Pagewood Studios was a film studio in Sydney, Australia, that was used to make Australian, British and Hollywood films for 20 years.

==Creation==
The studio was built in 1935 for National Productions by National Studios Ltd and was originally known as National Studios. It was constructed for the presumed increase in production that most observers thought would result in Australia following introduction of the NSW Film Quota Act. National Studios Ltd was incorporated with capital of £250,000.

Located on Bunnerong Rd and Heffron Rd, previously Maroubra Bay Rd.

They were the first new film studios built in Australia since 1912. Gaumont British helped provide finance and personnel in its construction. After six months of operation, National Studios reported a profit of 26%. However, the studio was soon eclipsed by Sydney's two other sound studios, Cinesound and Figtree Studios at Lane Cove. It was shut down for three years from 1937 to 1940, when it was reopened to make That Certain Something (1940). During World War II, the studio was used as a store depot, a training ground, and as the rehearsal and refitting depot of the Australian Army Entertainment Unit.

==Revival==
The success of The Overlanders (1946) prompted renewed interest in the studios from English companies looking to make movies in Australia. Ealing Studios shot Eureka Stockade (1949) there and eventually took over the studio, putting it under the management of Eric Williams and overseeing an expensive refurbishment. Ealing used Pagewood for Bitter Springs (1950) and rented it out for Wherever She Goes (1951) and Kangaroo (1952), but plans to film a version of Robbery Under Arms fell through.

==Closure==
The studio was temporarily shut down again in 1952, which Ken G. Hall called "the worst blow the Australian film industry has ever received, and I believe it is a fatal blow." One year later, it was sold to Associated Television. In 1959, it was sold off completely to GMH, later becoming Holden manufacturing after the Pagewood manufacturing plant closure. Hall later wrote in his memoirs that Pagewood "never did turn out even one commercially successful Australian film".
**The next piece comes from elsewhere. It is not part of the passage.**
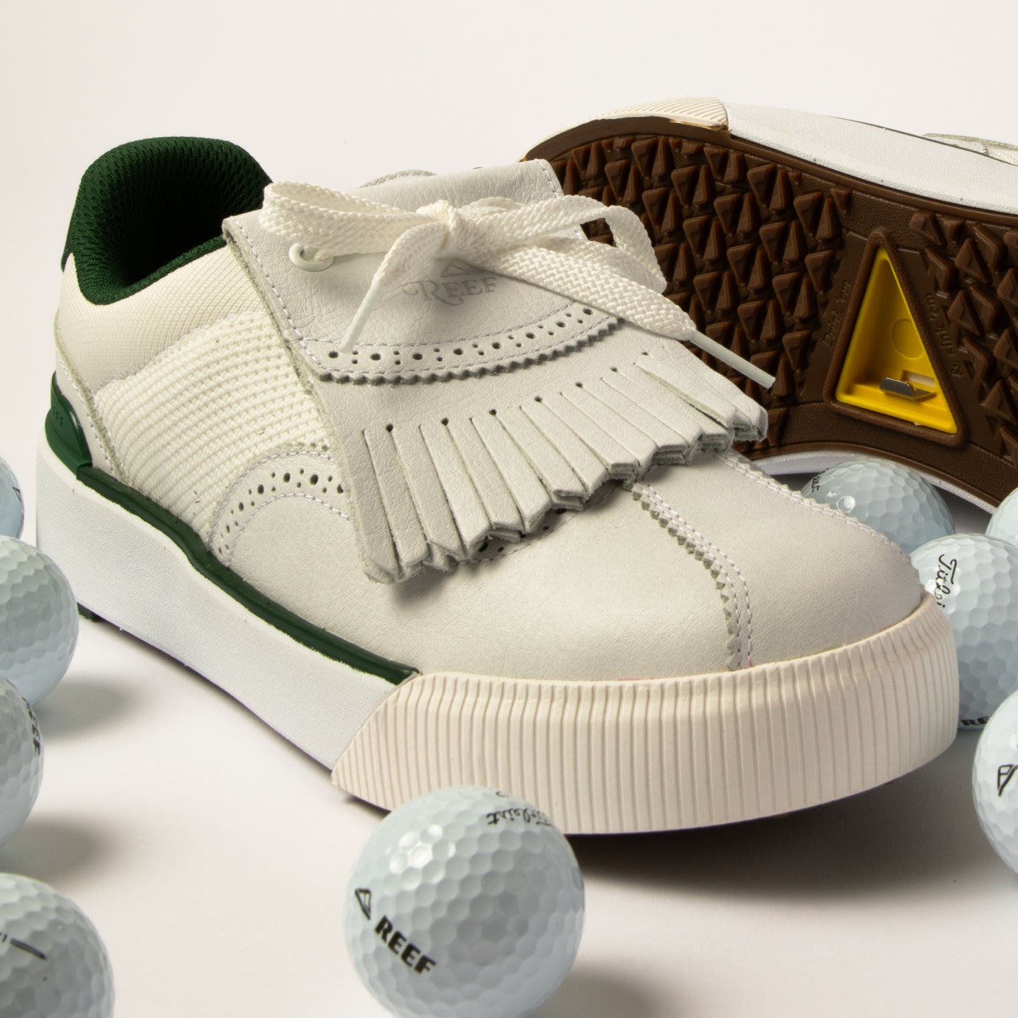 Because the clubhouse could use a little color and so could our golf kit. the Onshore Pebble joins the crew. An expressive golf shoe that doesn’t skimp on function. Yes. the Kiltie is removable. but once you see how it enhances your swing and keeps you out of the bunker. you’ll rock it for the entire round. The upper features rich textiles and sustainably-sourced leather??both treated with a water-resistant coating for potential damp conditions. Fine tuned and finished with a multi-directional soft spike tread. that’s safe to wear off the course. and our signature hidden bottle opener for your mid-game refreshments.

GMH used it as a storage facility for its archived documents until it was closed down in August 1980. The Studio was demolished & a shopping centre erected on its site in 1987. (GMH employee)

==Films shot at Pagewood==

- Uncivilised (1936)
- The Flying Doctor (1936)
- Rangle River (1936)
- The Avenger (1936)
- Show Business (1938)
- Below the Surface (1939)
- Dad Rudd, MP (1940)
- That Certain Something (1941)
- The Power and the Glory (1941)
- Eureka Stockade (1949)
- Bitter Springs (1950)
- Wherever She Goes (1951)
- Kangaroo (1952)
- Long John Silver (1954)
- Smiley (1956)
- Robbery Under Arms (1957)
- Smiley Gets a Gun (1958)
- Summer of the Seventeenth Doll (1959)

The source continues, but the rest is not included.